I just gave a basic layout of 6 string songs done in a B standard tunning which is pretty much what a 7 string is if you dont pay attention to your High E.

/smile


----------



## distressed_romeo (Feb 15, 2006)

strychnine said:


> I just gave a basic layout of 6 string songs done in a B standard tunning which is pretty much what a 7 string is if you dont pay attention to your High E.
> 
> /smile



BLASPHEMY!!!!!!


----------



## Lankles (Feb 15, 2006)

I can't match Loomis. Petrucci pretty much escapes me past A Change of Seasons. Are the previous DT albums any easier and equally seven-y? 

Are there any bands which use the full range of a 7 without demented arpeggio solos? I need to learn to arpeggiate but I know I won't if I get too frustrated.


----------



## strychnine (Feb 15, 2006)

Lankles said:


> I need to learn to arpeggiate but I know I won't if I get too frustrated.
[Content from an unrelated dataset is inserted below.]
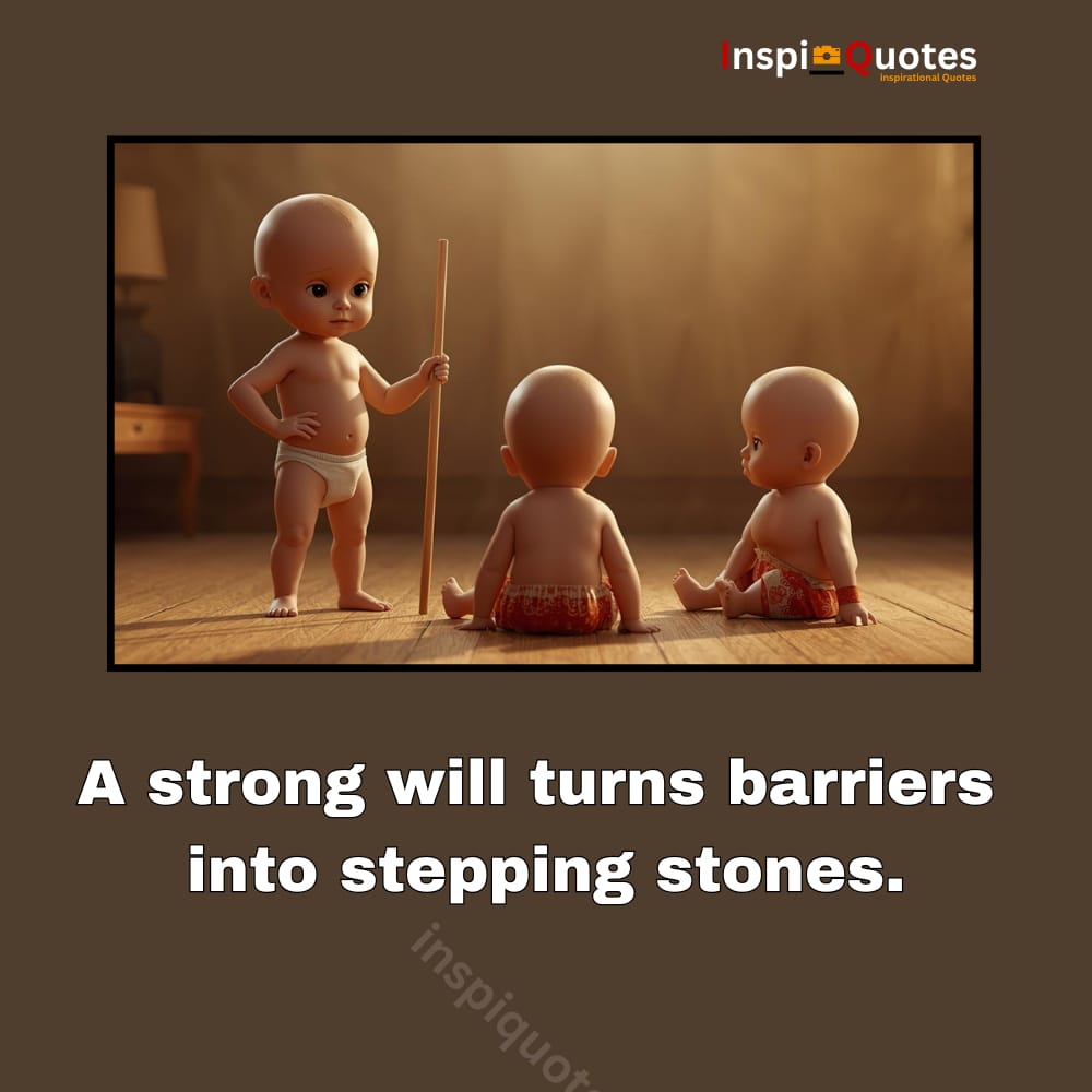 For the “challenge” quote, the design features animated baby characters in a teaching scenario — a brilliant metaphor. Babies represent potential, learning, and growth. By placing one baby in a “teacher” role and the others as attentive listeners, the image visually reinforces the idea that strength is cultivated through experience and guidance.

learn them with a 6 string first. more bands to chose from and etc and it translates the same to a 7


----------



## noodles (Feb 15, 2006)

strychnine said:


> learn them with a 6 string first. more bands to chose from and etc and it translates the same to a 7



I'm currently learning to sweep, and I'm doing it on a seven. Then again, I think the best way to learn is to start with two or three strings, and then add a string at a time as you get better.

That's why I'm still on three strings and fucking it up, because I suck.


----------



## strychnine (Feb 15, 2006)

lol nerd b0i


----------



## telecaster90 (Mar 12, 2006)

Lankles said:


> I can't match Loomis. Petrucci pretty much escapes me past A Change of Seasons. Are the previous DT albums any easier and equally seven-y?



Awake has a few 7 string tunes on it that are fun to play like Lie, the Mirror, and Caught In A Web. There's also the Dance of Eternity


----------



## Pericles (Mar 12, 2006)

It may be hard to come by, but I suggest trying to play "Fredrik Thordendal's Special Defects - Sol Niger Within" (as many of you know from Meshuggah)

One of my favorite albums of all time, it's a great 7 string album by a great player. The tuning for it is Bb standard


----------



## maskofduality (Mar 13, 2006)

telecaster90 said:


> Awake has a few 7 string tunes on it that are fun to play like Lie, the Mirror, and Caught In A Web. There's also the Dance of Eternity


 i was under the impression that the Dance of Eternity was done on a six.


----------



## Vegetta (Mar 28, 2006)

You can play a lot of slipknot on a 7 without too much fuss Also chevelle


----------



## No ConeSS (Apr 10, 2006)

I forgot that the most recent Sonata Arctica cd "Reckoning Night" has some 7 string stuff on it. It has been a while since I have listened to that cd, but I remember reading that guitarist Jani Liimatainen picked up an Ibanez 7 for the recording of that disc. 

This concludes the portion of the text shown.